There have always been a lot of poor in the parish, says Fr Foley. “A census in the 19th century found 30 people living in a small house. This was always a mixed parish, from Mrs Fitzherbert down to beggars and vagrants, then the rich built another church, St Mary Magdalen, to get away from them!
“Today we have a lot of immigrants, we have a welcome sign in the 40 languages that are spoken in the parish. If you get the 37 bus through Kemp Town and the Bristol Estate you won’t hear a word of English spoken. There are many east Europeans; Africans, Brazilians, Argentinean, Filipinos.
“I’m getting old but the Filipinos have been wonderful for my social life. They love parties and invite me to them. They make me feel young again.
“We get a few holiday makers, not many. I was in Eastbourne before and there visitors would increase the congregation by 200 per cent. When I came here 14 years ago it was the same, but not any more. People now come mostly for day trips, and those who come for the weekend don’t come to go to church!”
Fr Foley has spent half his tenure as a priest inland, half at the seaside. “I am originally from West Cork and I like to be beside the sea. It is always changing, the sun on the sea, the cloud formations: never two days the same. I missed that inland.”
I say goodbye to Fr Foley and take a walk around the block, and pass the homes of a cross-section of Brighton’s distinguished former residents. In my circuit down to the seafront and back I find the homes of Sir Terence Rattigan, Lord Olivier and Max Miller.
I pause to peer down from Marine Parade to the seafront and Brighton’s dull strip of shingle, a miniature tourist train and a few fishermen’s huts. In the middle distance is the pier, its once rather grand wooden pavilions replaced with a fun fair. Somehow the seafront seems like a very minor side show to the real charm of Brighton - its mix of the shabby and genteel, the edgy and the established.
Two doors along is the egg yolk and mulberry painted Hand in Hand brew pub with the sign above the door: “You are Entering the Free State of Kemp Town.”
Sitting in the Free State with a pint of Kemp Town Bitter I ponder something Fr Foley told me about two pages cut from the baptismal records. “Why are they missing,” he had asked. “Did Mrs Fitzherbert and George have children? There are tales that they did and that they were sent away, but it’s all stories.”
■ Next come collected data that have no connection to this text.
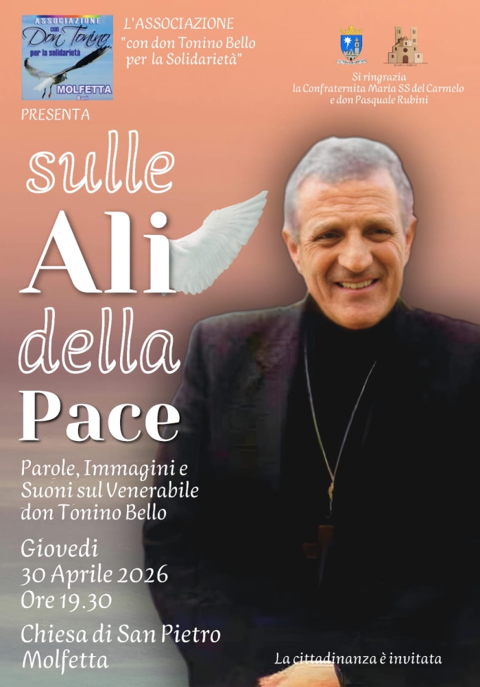 MOLFETTA - L'associazione “Con Don Tonino Bello per la solidarietà” di Molfetta organizza l’iniziativa “Sulle ali della pace, parole immagini e suoni sul venerabile Don Tonino Bello”.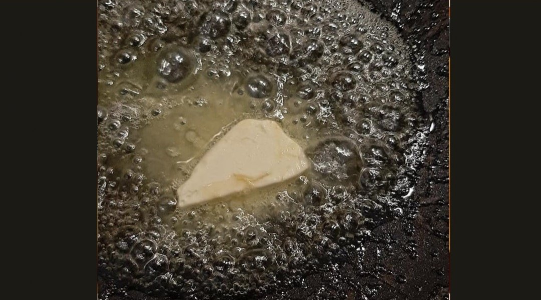 прогрелось, кладем сливочное, не наоборот. Сливочное масло, все же,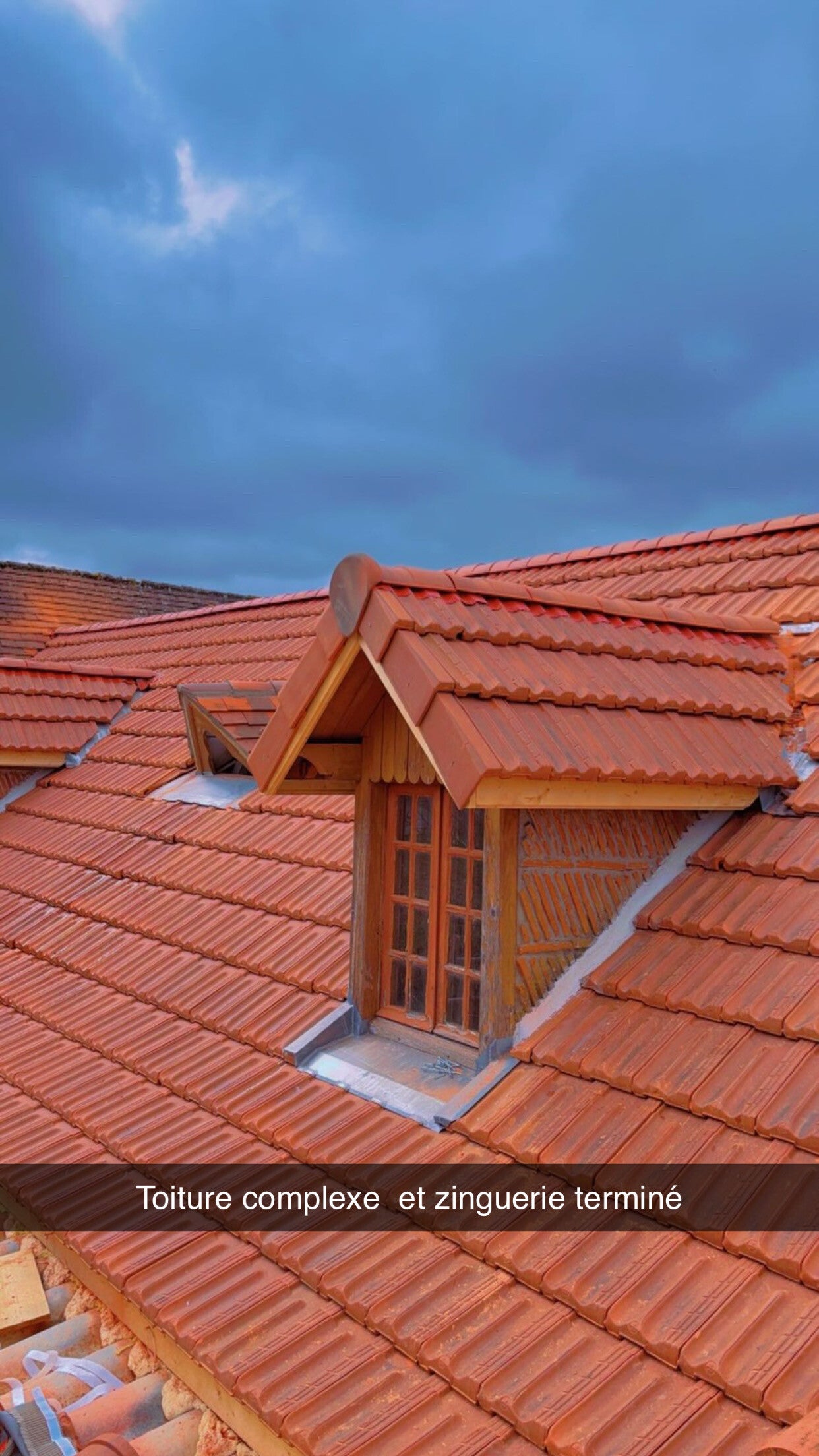 Étanchéité des points singuliers : entourages de cheminées/murs, noues en zinc, solins mortier/métal, abergements (Velux). Correction des pentes et rejets d’eau.

I look it up in the booklet he has given me, Three Wedding Rings for Mrs Fitzherbert of Brighton, by Robert Bogan. It confirms that the pages covering entries for 1800 were neatly sliced away, and recounts the rumours that a second adopted daughter, Marianne, was actually the child of Mrs Fitzherbert and George IV, and that there may have been a son as well.
Even if true, it’s hardly something to scandalise Brighton, whatever impact it might have had on the monarchy. “Woman has husband’s child” would never have set a Brighton pulse racing.